TASK INSTRUCTIONS:
Starting at the first line of the records below, reproduce every line up to and including the line with "コーデに馴染みやすいワインレ", but leave out all pictures.
═══ SUPPLIED DATA ═══
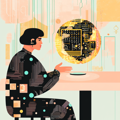An atomic midmodern art style illustration of a futuristic fortune teller sitting at a retro-modern table, gazing into a glowing crystal ball made of swirling blockchain code and cryptocurrency symbols. The fortune teller wears sleek, minimalist clothing with geometric patterns, and the scene has a bold, vibrant color palette typical of mid-century design. The background features clean lines and abstract shapes in soft pastels, with subtle metallic elements, blending vintage aesthetics with digital futurism. The crystal ball glows, illuminating the teller’s face with intricate blockchain patterns.
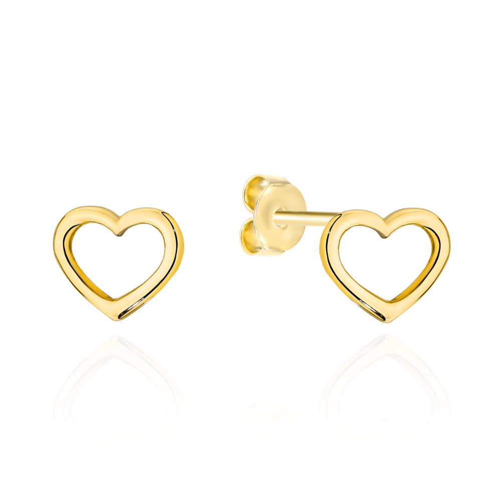 Złote kolczyki kontury serc ze złota próby 585. Delikatne kolczyki na sztyft o minimalistycznym designie, idealne na co dzień i na prezent.
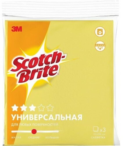 Мягкий и долговечный материал - вискоза, прекрасно впитывает и быстро высыхает. Возможно использование с бытовыми моющими средствами. Подходит для ежедневного использования. Мягкий и долговечный материал: вискоза - 70%, полиэстер - 20%, полиэфирное волокно - 10%. Легко полоскать и отжимать, возможна стирка при 60 °С. Материал: вискоза. Серия: Оптима. Применение: универсальное. Количество в упаковке: 3 шт Плотность: 90 г/м2. Длина: 32 см. Ширина: 38 см. Цвет: жёлтый. Упаковка: пакет Бренд - SCOTCH-BRITE.
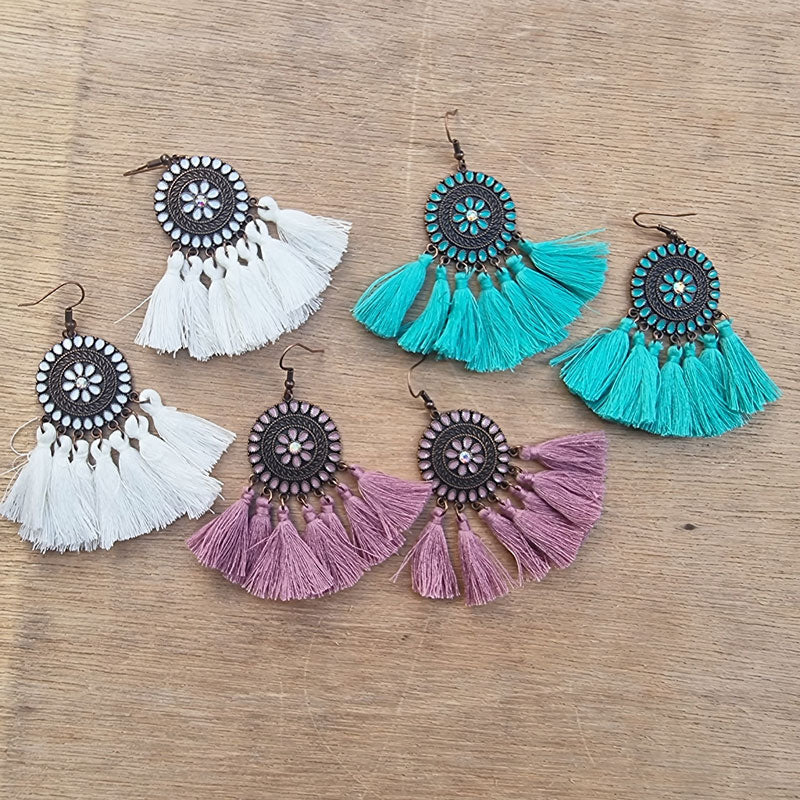 Brighten up your day with these on-trend boho style tassel earrings in a fan design.
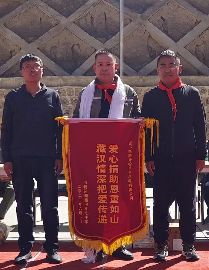 果多水電公司代表張二林同志作了題為“祖國的未來(lái),民族的希望”的講話(huà),并代表果多水電公司給學(xué)校捐贈了學(xué)習用品,足球、排球、羽毛球等,勉勵孩子們要樹(shù)立遠大理想,努力學(xué)習,健康成長(cháng),以?xún)?yōu)異的成績(jì)回報社會(huì )、回報祖國。柴維鄉小學(xué)贈送了“愛(ài)心捐助恩重如山,藏漢情深把愛(ài)傳遞”的錦旗,感謝果多水電公司對學(xué)校的關(guān)心支持幫助。
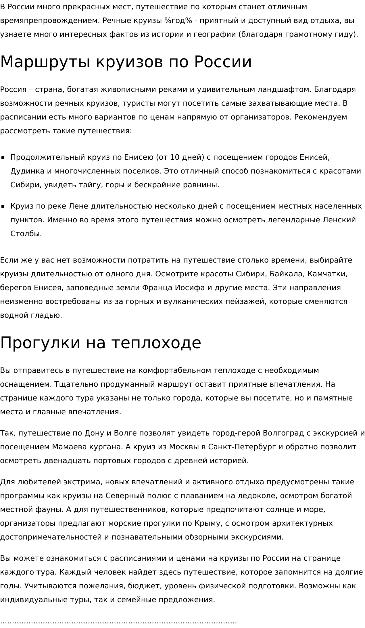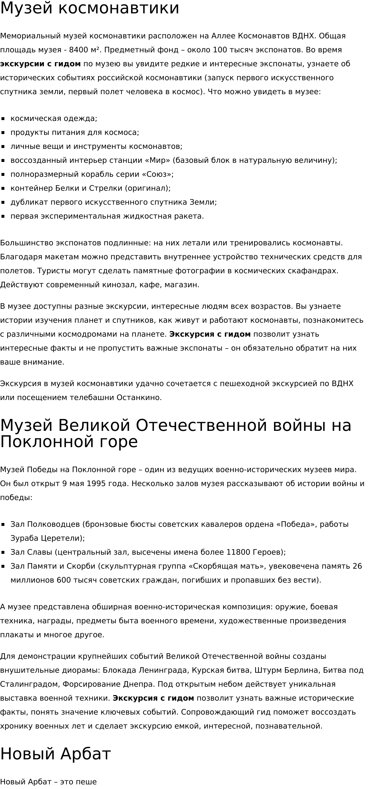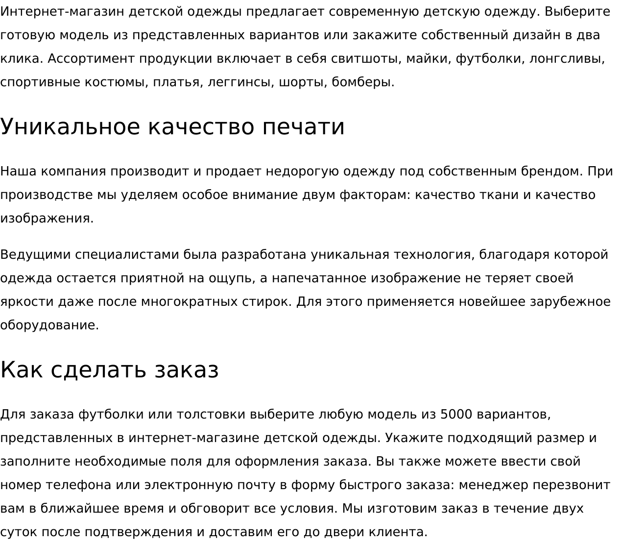 - тексты для главных страниц;
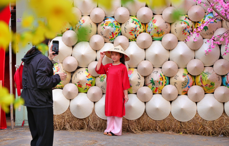 | Nhiều trẻ em thích thú "check in" tại khu vực trang trí nón lá khi được cha mẹ dẫn đi du xuân sớm tại Lễ hội Tết Việt. |
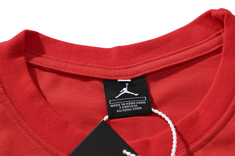 Яркая красная хлопковая футболка от бренда Jordan классического кроя
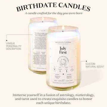 Birthdate Personalized Candle - 13.5oz Long-Lasting Zodiac Scented Candles, Custom Candle Birthday Gift for Women & Men - All-Natural Soy & Coconut Wax Blend, 60-80 Hour Burn Time, Made in USA
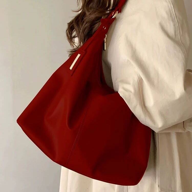 コーデに馴染みやすいワインレッドカラーのワンショルダーバッグは、洗練された大人っぽさと女性らしい柔らかさを演出してくれる逸品。程よい光沢感のあるレザー調素材とゴールドの金具が、上品な印象を与えながら普段使いにもぴったりな実用性を備えています。
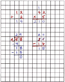 These grids are easy to print out and help to keep numbers in the correct column when adding, subtracting, multiplying and dividing. You can write the problem in colored ink or colored pencil and have the child use a regular pencil. This helps the child separate his computation from the original problem.
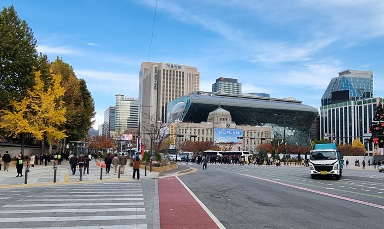 We depart past the neo-fururism architecture styled monolith Dongdaemun Design Plaza (DDP) designed by Zaha Hadid & Sameo & completed in 2011. Haha passed away during COVID. This building won the SEGD Merit Award in 2015 @ a construction cost of $451Million AUD. It resembles a large stainless-steel submarine at first glance & apologies in trying to get a good photo which really is a miracle to do so. The was no information to confirm what this building housed or was used for. Look hard into the RH photo below.
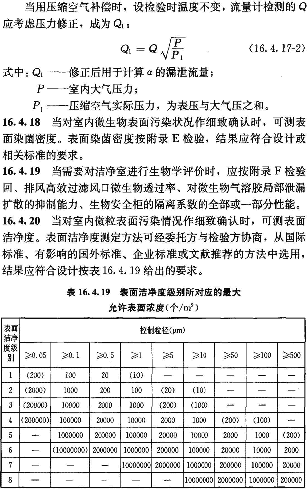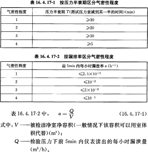 16.4.17 當對潔凈室的嚴密性有特殊要求時,可測其圍護結(jié)構(gòu)嚴密性。圍護結(jié)構(gòu)嚴密性按附錄G檢驗。檢驗結(jié)果應符合設計要求。當設計無明確要求時,可在以下兩表的任何一種評定方法中任選一種方法,兩表中最大測試壓力設定為500Pa。
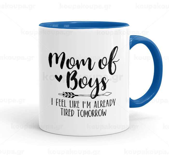 Mom of boys i feel like im already tired tomorrow, Mug colored blue, ceramic, 330ml
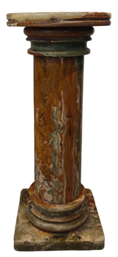 An elegant onyx pedestal with a classical column, with a circular top and layered base.
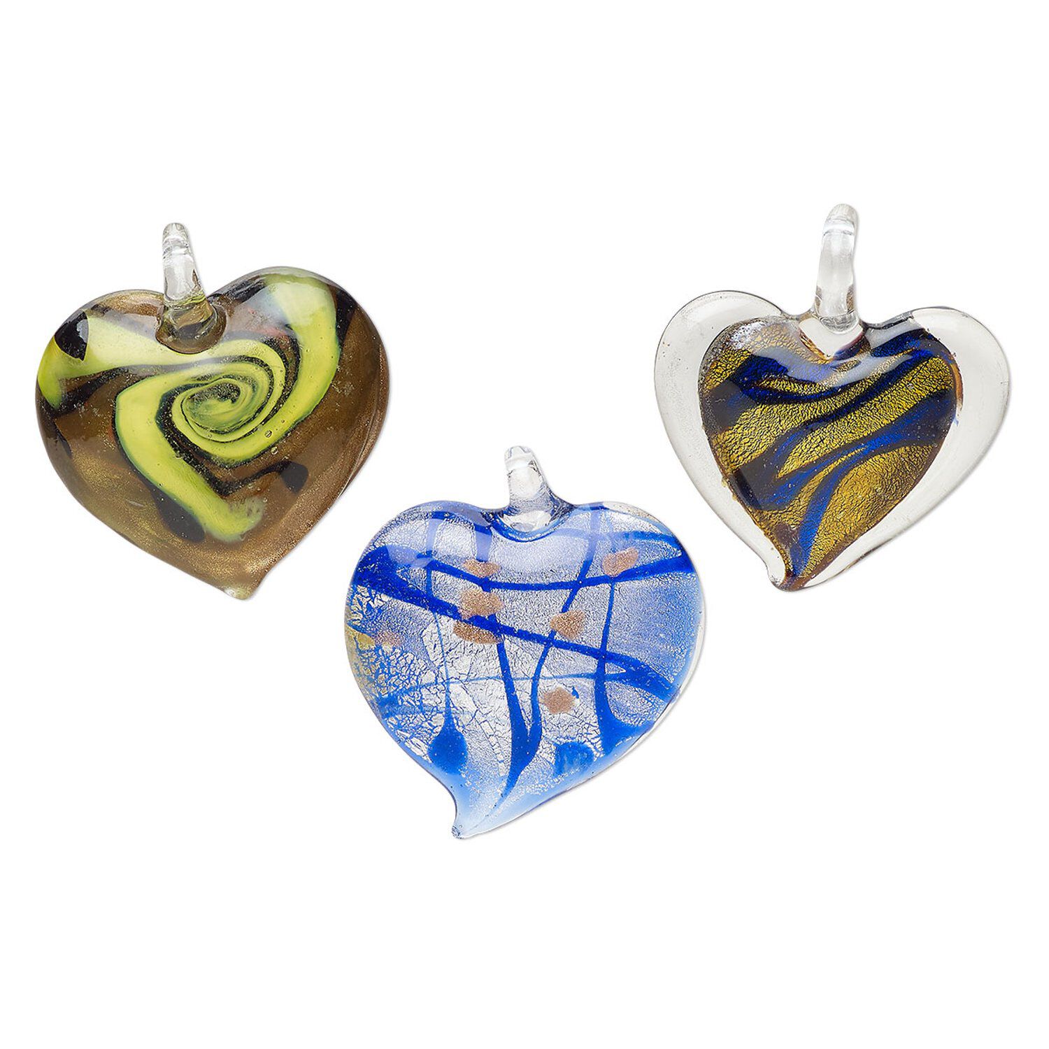 Random focal mix, lampworked glass, translucent blue and multicolored, 40x37mm-49x47mm domed heart with copper-colored glitter and silver-colored foil. Sold per pkg of 3.
═══
RESULT FOR THIS EXERCISE:
An atomic midmodern art style illustration of a futuristic fortune teller sitting at a retro-modern table, gazing into a glowing crystal ball made of swirling blockchain code and cryptocurrency symbols. The fortune teller wears sleek, minimalist clothing with geometric patterns, and the scene has a bold, vibrant color palette typical of mid-century design. The background features clean lines and abstract shapes in soft pastels, with subtle metallic elements, blending vintage aesthetics with digital futurism. The crystal ball glows, illuminating the teller’s face with intricate blockchain patterns.
 Złote kolczyki kontury serc ze złota próby 585. Delikatne kolczyki na sztyft o minimalistycznym designie, idealne na co dzień i na prezent.
 Мягкий и долговечный материал - вискоза, прекрасно впитывает и быстро высыхает. Возможно использование с бытовыми моющими средствами. Подходит для ежедневного использования. Мягкий и долговечный материал: вискоза - 70%, полиэстер - 20%, полиэфирное волокно - 10%. Легко полоскать и отжимать, возможна стирка при 60 °С. Материал: вискоза. Серия: Оптима. Применение: универсальное. Количество в упаковке: 3 шт Плотность: 90 г/м2. Длина: 32 см. Ширина: 38 см. Цвет: жёлтый. Упаковка: пакет Бренд - SCOTCH-BRITE.
 Brighten up your day with these on-trend boho style tassel earrings in a fan design.
 果多水電公司代表張二林同志作了題為“祖國的未來(lái),民族的希望”的講話(huà),并代表果多水電公司給學(xué)校捐贈了學(xué)習用品,足球、排球、羽毛球等,勉勵孩子們要樹(shù)立遠大理想,努力學(xué)習,健康成長(cháng),以?xún)?yōu)異的成績(jì)回報社會(huì )、回報祖國。柴維鄉小學(xué)贈送了“愛(ài)心捐助恩重如山,藏漢情深把愛(ài)傳遞”的錦旗,感謝果多水電公司對學(xué)校的關(guān)心支持幫助。
 - тексты для главных страниц;
 | Nhiều trẻ em thích thú "check in" tại khu vực trang trí nón lá khi được cha mẹ dẫn đi du xuân sớm tại Lễ hội Tết Việt. |
 Яркая красная хлопковая футболка от бренда Jordan классического кроя
 Birthdate Personalized Candle - 13.5oz Long-Lasting Zodiac Scented Candles, Custom Candle Birthday Gift for Women & Men - All-Natural Soy & Coconut Wax Blend, 60-80 Hour Burn Time, Made in USA
 コーデに馴染みやすいワインレッドカラーのワンショルダーバッグは、洗練された大人っぽさと女性らしい柔らかさを演出してくれる逸品。程よい光沢感のあるレザー調素材とゴールドの金具が、上品な印象を与えながら普段使いにもぴったりな実用性を備えています。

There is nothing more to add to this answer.